Взгляд Андрея потяжелел, а губы сложились в упрямую линию. Он сунул мне в руки бутылку с колой и пластиковый контейнер со льдом.
— Надеюсь разберешься, что с этим делать, — процедил парень сквозь зубы, — насколько же ты лицемерна, Ален! Всего полтора года назад тебя не волновали мои успехи по предметам, потому что нужно было избавиться от навязчивого внимания одного ботана, припоминаешь?
«Бла-бла-бла!»
— Ты бы еще вспомнил, как мы подложили русичке в сумку дохлую мышь, — зло ответила я парню, зачем-то оправдываясь перед ним. — А ты бы не удивился?!

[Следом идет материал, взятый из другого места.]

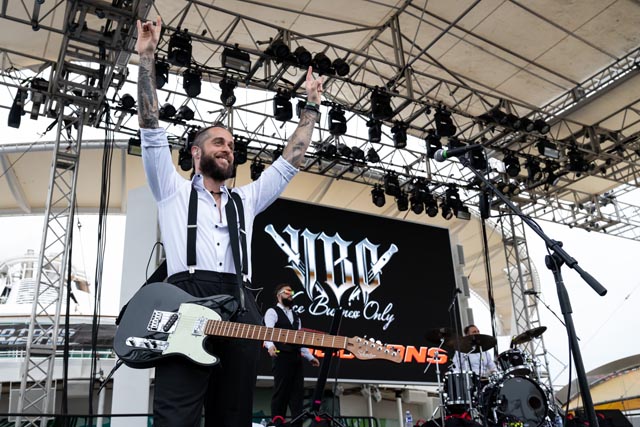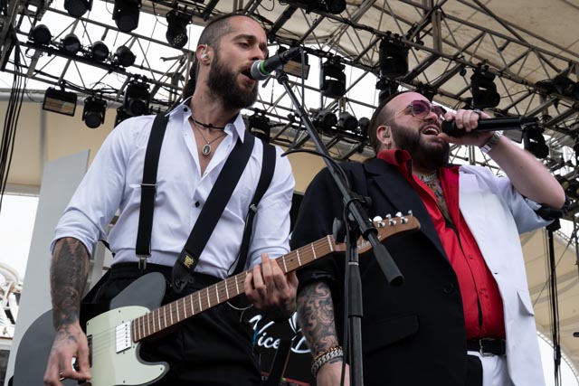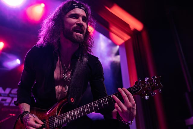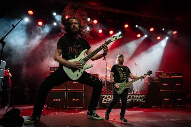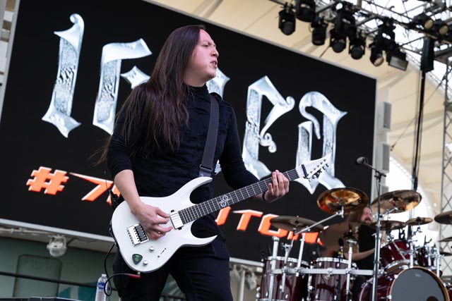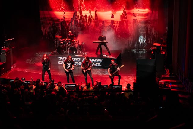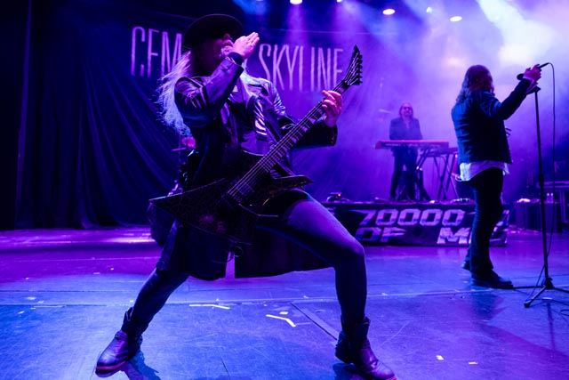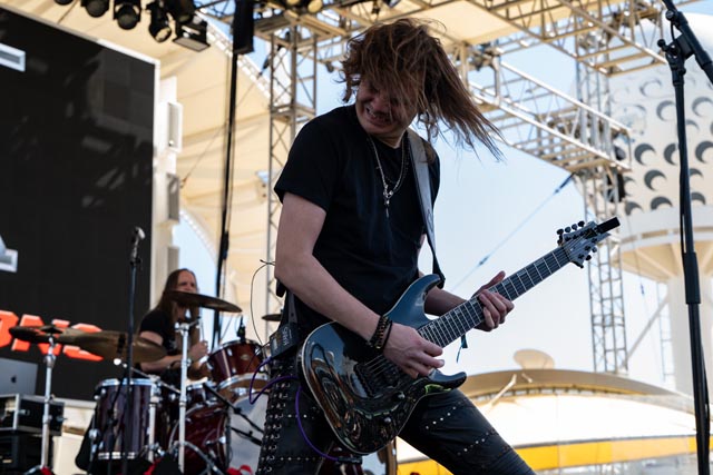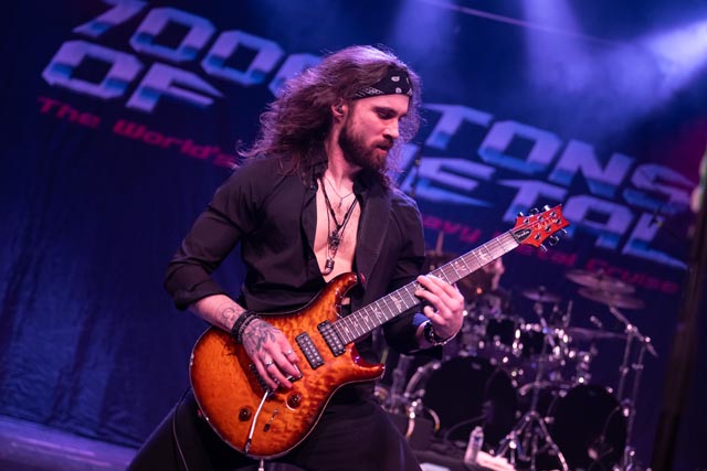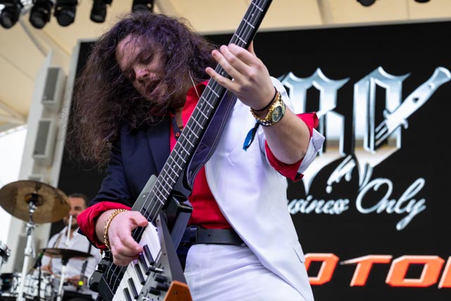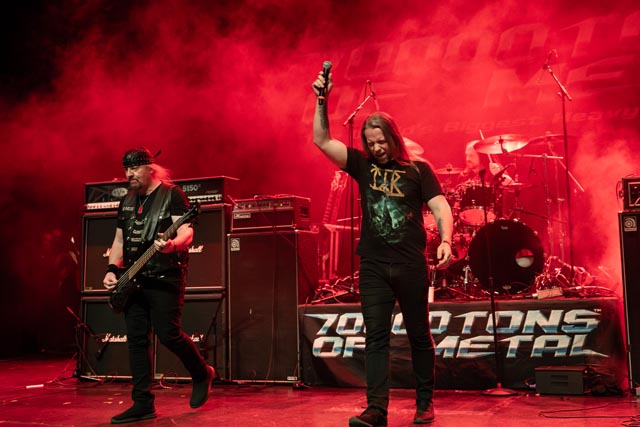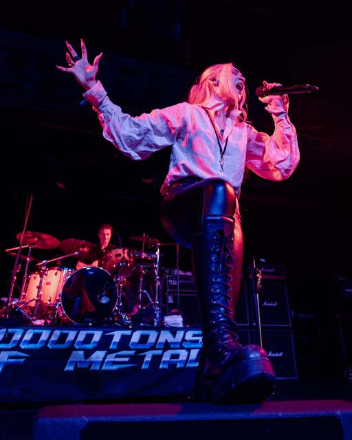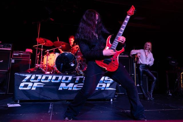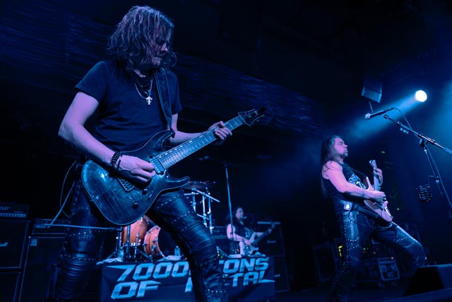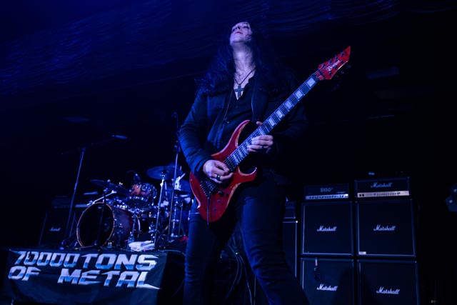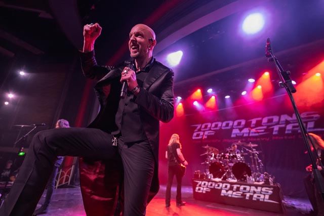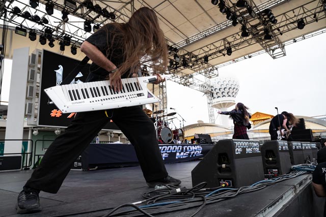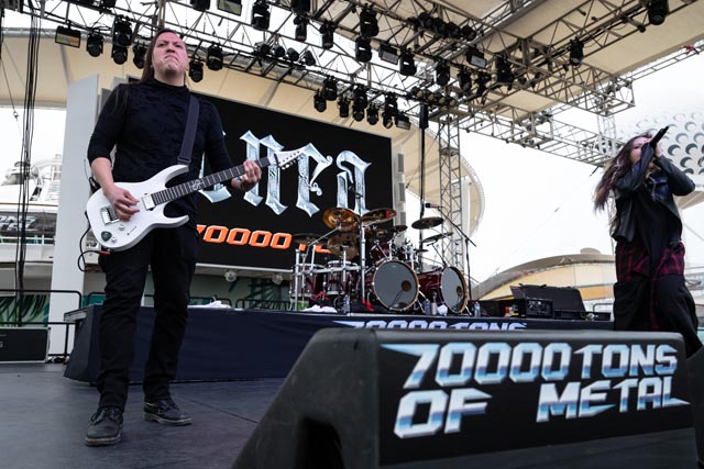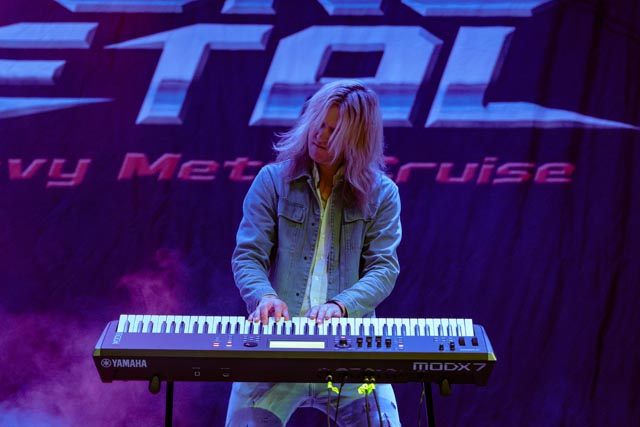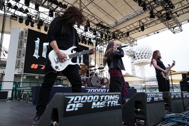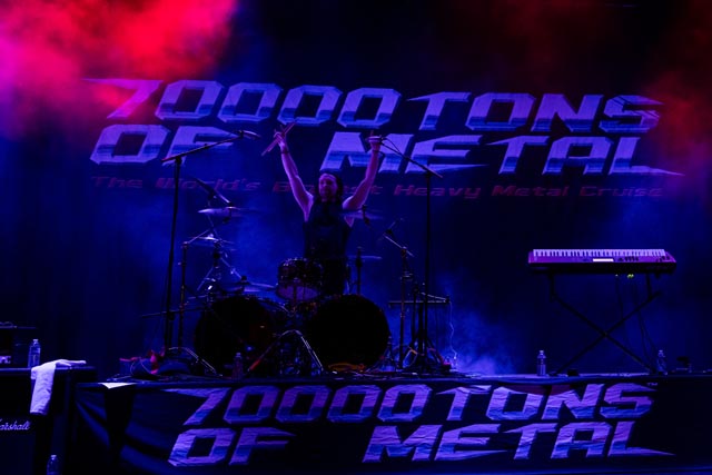 Despite not getting to bed until around 6 am, I made it back up to the Pool Deck stage at 10 am to see Hiraes kick off Day 3 with a very energetic set. Vocalist Britta Görtz talked about her previous voyage on 70K, when she played with Cripper on 70 K’s first voyage in 2011, mentioning how few women musicians were on board in 2011 versus how many were on in 2026 and how she was so excited to see metal becoming a safer and more comfortable place for women in the industry. Next up on the Pool Deck was the debut of VBO, a synthwave band conceived by Francesco Cavalieri of Wind Rose and electronic producer Simone Giusti. It is definitely unusual for 70K to book a band with no released music, especially to play on the Pool Deck, but they brought their A-game and got the crowd jumping and having fun.

— Я встречался с тобой потому, что потерял голову, как только впервые тебя увидел, — произнес Андрей, горящим взглядом выжигая у меня на лбу слово «дура», — мне было плевать, кто твой отец и кто ты, потому что я не представлял ни дня без твоего общества. Я ловил каждое твое слово, я во сне тебя видел, я, блин, небо от земли отличить не мог несколько месяцев, готов был за тебя убить любого, а что ты, Ален?
Я молчала, а Андрей наклонился и прошептал прямо мне на ухо, обдавая жаром и рождая в груди странные желания.
— А ты тупо меня использовала! — и он вышел, оставляя на кухне звенящий от напряжений шлейф.
Глава пятая
Наваждение
(Андрей)
Тухнуть в компания себя самого стало привычкой, поэтому на веселье во дворе я смотрел с полным равнодушием. Девчонки плескались в бассейне, с визгом и приветственными криками встречая каждого, кто решал плюхнуться в воду с разбега, прохладительные напитки стояли на низком столике, спрятанном в тени огромной яблони, а на газоне развалились парни и жадно ловили каждое движение женской половины общества. Знакомая мне картина, которую я наблюдал в спортивном клубе, подрабатывая тренером в вечерней женской группе. Занятия мы проводили в смежном с парнями зале и те, тягая железо, прощупывали взглядом моих подопечных. Учитывая, что средний возраст женщин, которые занимались в моей группе, перевалил за тридцать, они продолжали притягивать к себе жадные взгляды мужиков, а тут юные красотки в купальниках с влажными и загорелыми телами. Я бы на месте парней тоже не отлипал от такого горячего вида. Мне бы самому не теряться и бежать к бассейну, развлекаясь в компании красивых однокурсниц, но Настя испоганила все желание появляться во дворе у Ромыча своим излишним вниманием. Не хотелось обжиматься с ней при всех, но девчонка с меня просто не слазила и при любом удобном случае лезла целоваться.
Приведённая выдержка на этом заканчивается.